The glamour teams, the marquee players, are getting canceled out of the National Basketball Association playoffs. A variety of newcomers, no-names and mid-market franchises have bum-rushed the show.
Seattle won 63 games this season. Gone. Atlanta finished with the top record in the East. Gone. Phoenix and San Antonio? Gone. Orlando never got started.
And now NBC is looking at a potential Indiana-Houston matchup in the NBA Finals, a real ratings-killer. First, the network loses Letterman, then Michael Jordan, and now this.
Somewhere, NBC executives must be lighting candles, praying that the winner of Sunday's Chicago-New York Game 7 will have enough left to dispose of Indiana in the Eastern Conference title bout.
Whatever. I'm not complaining. I like slam dunks as much as the next fan with a short-attention span, but the 1994 playoff trend is good for the game, if not the TV ratings.
This development will satisfy the purists. Team basketball is making a comeback; the NBA's shoe salesmen have left the arena. Think about it. Just about all of the players we see in those creative Nike and Reebok commercials can no longer be seen in the actual games; their teams have been eliminated.

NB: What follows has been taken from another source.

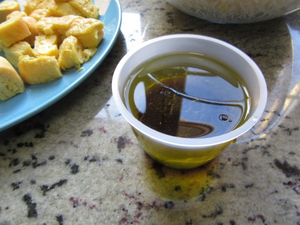 5- Hacer la vinagreta: Emulsionar el aceite, vinagre, soja y pimienta (Yo no pongo nada de sal, con la soja es suficiente) . Mezclar bien todo el conjunto.

Orlando and Shaquille O'Neal were swept by anonymous Indiana in the first round. David Robinson and Dennis Rodman have plenty of time to sit in that Nike barbershop; San Antonio got dumped by Utah in the opening round. Same with rookie sneaker-pitchman Chris Webber (Golden State was out in three). And soaring Shawn Kemp never left the ground when Seattle needed to beat underdog Denver.
I'm a big Charles Barkley fan. But Chuck's underachieving Suns - has anyone seen Dan Majerle? - were cashed out by determined, defensive-minded Houston.
Is there a lesson in this? The NBA provides great entertainment, and it's still the best pro sports league in existence. But the hype has gone too far.